In the late 1940s a man walked into a laboratory of a major photographic
manufacturer in America to demonstrate a new photographic process. But
he didn't bring along a camera or film. He brought along a red box with a
shiny steel plate, a charging device, a light bulb and a container of black
powder. The picture he created was faint but discernible.

"But where's the film?" they asked. "Where's the developer? Where's the
darkroom? Why, that's not really photography!" And so the company
passed up an opportunity to acquire the process for electrostatic
photography, or xerography...a process that has grown into a multi-billion
dollar industry.

Why did they pass up such a great opportunity? Because the people who
saw the process were suffering from PARADIGM PARALYSIS.

What is paradigm paralysis? Or more basically, what is a paradigm?

As you probably know, a paradigm is a model or a pattern. It's a shared
set of assumptions that have to do with how we perceive the world.
Paradigms are very helpful because they allow us to develop expectations
about what will probably occur based on these assumptions. But when
data falls outside our paradigm, we find it hard to see and accept. This is
called the PARADIGM EFFECT. And when the paradigm effect is so strong
that we are prevented from actually seeing what is under our very noses,
we are said to be suffering from paradigm paralysis.

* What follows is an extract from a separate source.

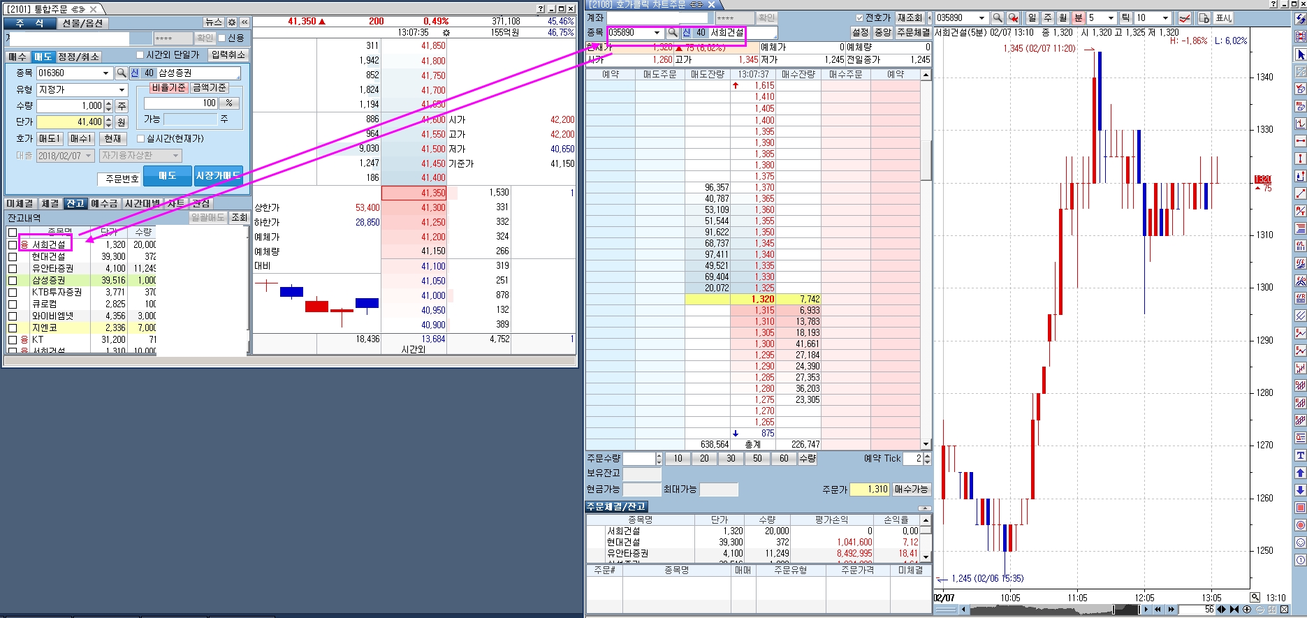 > 1.2101화면의 종목 클릭하면 2018화면에서 연동하는 방법은?
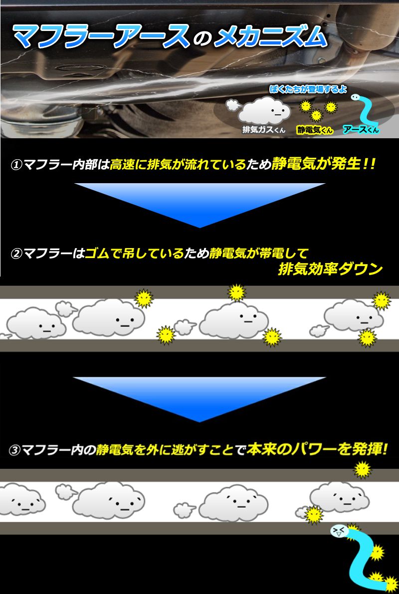 空気が移動するときに発生する摩擦は高回転になるほど大きくなります。マフラーの内壁には高回転になるほどプラスの電荷が増加し空気が通過しにくい現象が起こります。この製品を装着することによりプラスの電荷を効果的にアース処理し摩擦が低減し排気効率が大幅にアップします。排気効率がアップすることによりレスポンスが向上します。また、排気ロスの減少によりパワーとトルクがアップします。触媒付近に取り付けることによりスラッジが溜まりにくくなります。

That's where I think many of us have been stuck when it comes to figuring
out how to treat stuttering. We rigidly follow a cognitive approach. Or a
behavioral approach. Or a psychotherapeutic approach. And our paradigm
paralysis causes us to exclude valuable information that doesn't fit our
particular model.

But if what I have come to believe about stuttering is true, we already
know what we need to know. We just need to draw this information
together into a paradigm that integrates these many different approaches.
However, to do this, I propose that the professionals need the cooperation
and collaboration of the stuttering self-help community.

Why do I say this?

In his book "Paradigms: the Business of Discovering the Future" Joel Barker
describes how the person who develops a new paradigm is often an
outsider. Someone who really doesn't understand the prevailing paradigm
in all its subtleties...and sometimes doesn't understand it at all. The
PARADIGM SHIFTER, because he or she is not imbued with the prevailing
beliefs, is able to see the situation with a fresh eye.

This describes some of us in the stuttering self-help community. Because
we did not train as speech-language pathologists, we were not formally
programmed in the classic ideas about stuttering. Many of us, of course,
did acquire the traditional points of view through involvement in speech
therapy. But there are others who have made meaningful discoveries
through independent study and observation...and just through the process
of living.

But are these discoveries with worth paying attention to? After all, we're
not trained in speech pathology. We don't have Ph.D.'s What can we know
that would really be of use to the professional community?